In recent years, new partnerships and resources have allowed the society to employ and sustain staff, and to broaden its focus beyond the siskin to include other critical species. In 2018, SRCS partnered with the Sustainable Wildlife Management (SWM) Programme, which is led by the Food and Agriculture Organization of the United Nations (FAO) and implemented in Guyana by the Centre for International Forestry Research and World Agroforestry (CIFOR-ICRAF). The programme aims to improve wildlife conservation and food security whilst improving the livelihoods of Indigenous peoples and rural communities.
“We partnered with SRCS to start programmes on environmental education, turtle monitoring, and anteater conservation, as well as traditional knowledge classes,” said Nathalie van Vliet, SWM Programme site coordinator for Guyana. “SRCS has been so successful that they are able to sustain many of these programmes by themselves now, and start new ones – for example, an armadillo research project.”

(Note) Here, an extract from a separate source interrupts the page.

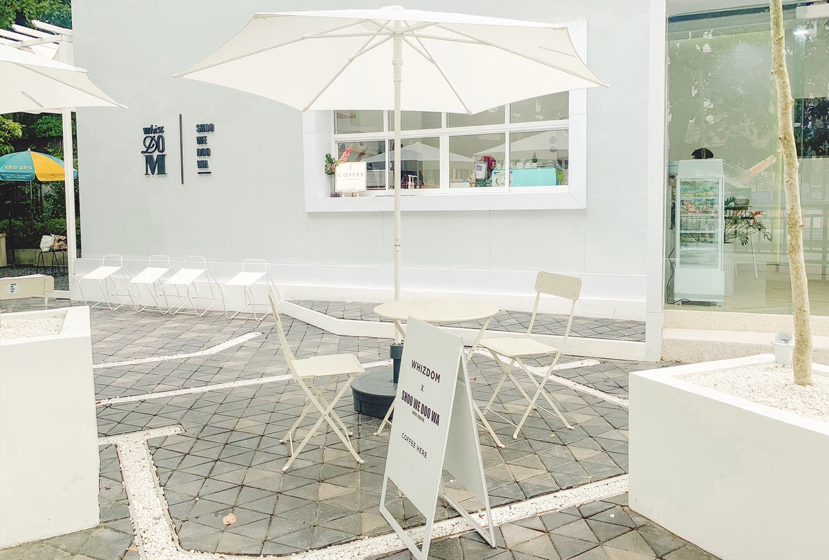 คาเฟ่เล็กๆในโครงการ Gump ari โทนฟ้าขาว น่ารัก กับเมนูเครื่องดื่มทั้ง coffee และ non-coffee เดินในโครงการก็มาซื้อเครื่องดื่มเพิ่มความสดชื่นที่นี่ได้

Today, the SWM Programme continues to fund turtle conservation and environmental education models, and SRCS employs three full-time and two part-time staff members, 48 rangers, and 42 environmental education teachers.
Now, with additional funding from the Whitley Award, the STCS plans to strengthen the monitoring, management, and sustainability of the conservation zone. Habitat destruction remains a concern: the siskins live in grasslands that are threatened by wildfire, which is becoming more common as climate change extends and intensifies the dry season.